Démographie : la fin de « l’exception française »
Les chiffres de l’INSEE sont tombés et confirment la fin d’une « exception » démographique française. En 2025, il y a eu plus de décès (651 000) que de naissances (645 000) en France. Le dernier pic de naissance date de 2010, avec 833 000 bébés. En 2024 le solde naturel était déjà négatif pour le territoire métropolitain.
La France rejoint un groupe d’une vingtaine de pays en Europe qui sont dans ce solde naturel – calculé comme le nombre de naissances moins le nombre de décès – négatif. Pour 2025, il s’établit donc à -6000. En Europe, en 2014, 16 pays sur 27 affichait un solde naturel positif. En 2024, il en restait 7, dont la France.
Etat des lieux démographiques
« Hiver démographique », « démocalypse » – contraction de « apocalypse démographique »- les qualificatifs sont nombreux pour décrire cette situation. Les comparaisons chiffrées sont éloquentes.

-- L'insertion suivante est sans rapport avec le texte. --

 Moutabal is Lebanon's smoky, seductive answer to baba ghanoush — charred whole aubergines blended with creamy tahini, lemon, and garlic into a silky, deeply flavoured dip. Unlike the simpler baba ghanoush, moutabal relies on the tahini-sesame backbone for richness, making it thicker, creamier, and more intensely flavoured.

L’indice conjoncturel de fécondité (ICF), est tombé à 1.56 en 2025. Il était à 1.62 en 2024.
C’est l’indice le plus bas depuis 1917, selon l’INSEE. Un chiffre de fécondité en temps de paix égal à un chiffre en temps de guerre, où de nombreux hommes sont mobilisés, frappe les esprits. Il est important de noter que cet indice n’est pas une prévision pour les années futures, mais le résultat d’un calcul sur les chiffres des naissances de l’année. Sa trajectoire est fluctuante. On avait déjà atteint un point bas en 1994 à 1.66.

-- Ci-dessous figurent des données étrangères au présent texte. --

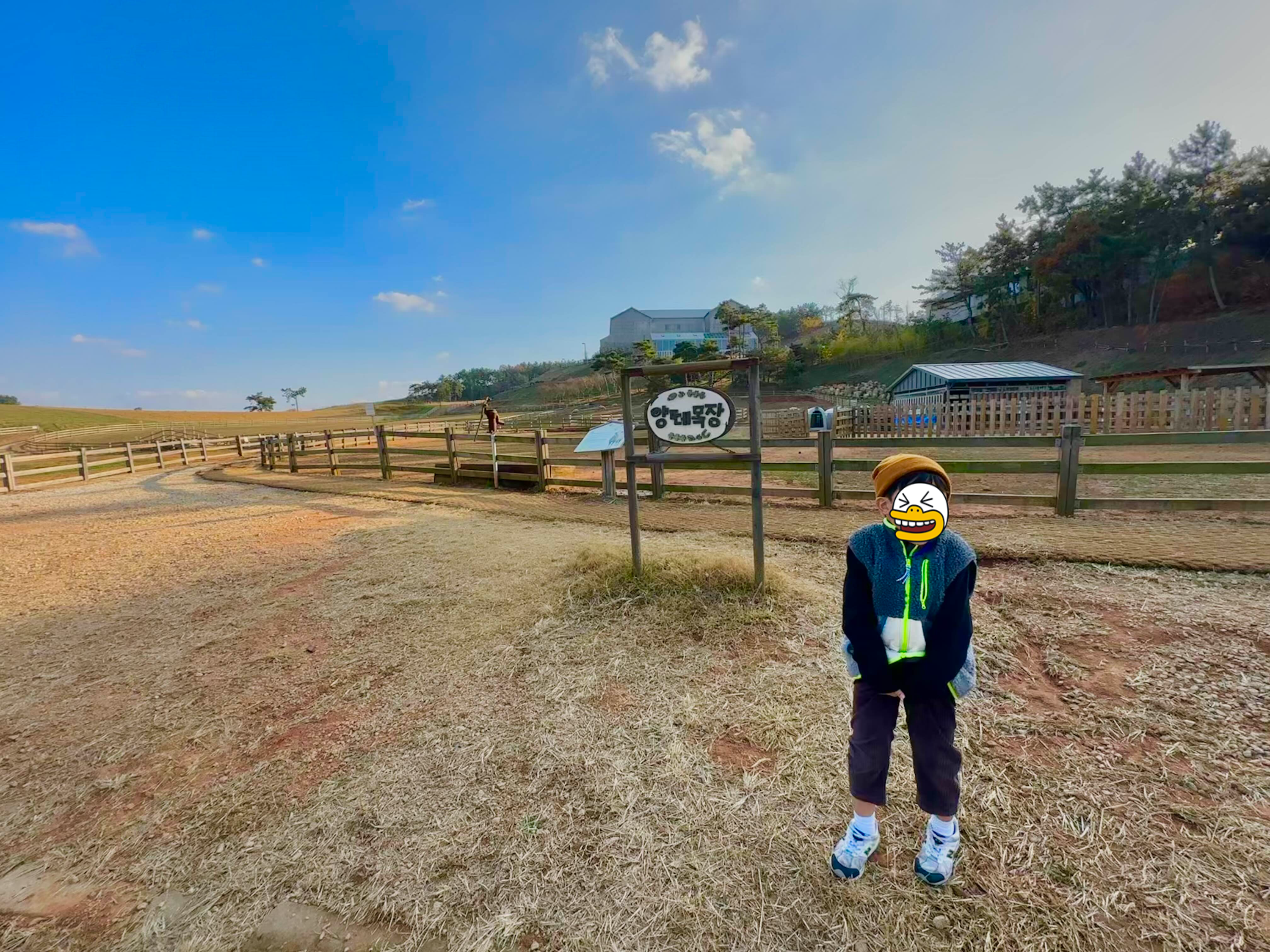 야외 양 떼 목장이 드넓고 아름다워요.

Cet indice était remonté ensuite, reflétant l’âge plus tardif des premières maternités. L’âge moyen au premier enfant est à 29.1 ans en 2023 contre 24 ans en 1974. Un recul de 5 ans en cinquante ans d’histoire.
Alliance VITA a proposé une analyse approfondie de cet indice et son évolution ici. Du fait des réalités biologiques humaines, repousser longtemps le choix d’avoir un enfant ne réduit pas seulement le nombre désiré d’enfants mais également la probabilité d’avoir les enfants souhaités.
Les experts soulignent par exemple que le risque d’infertilité augmente pour les femmes au-dessus de 35 ans.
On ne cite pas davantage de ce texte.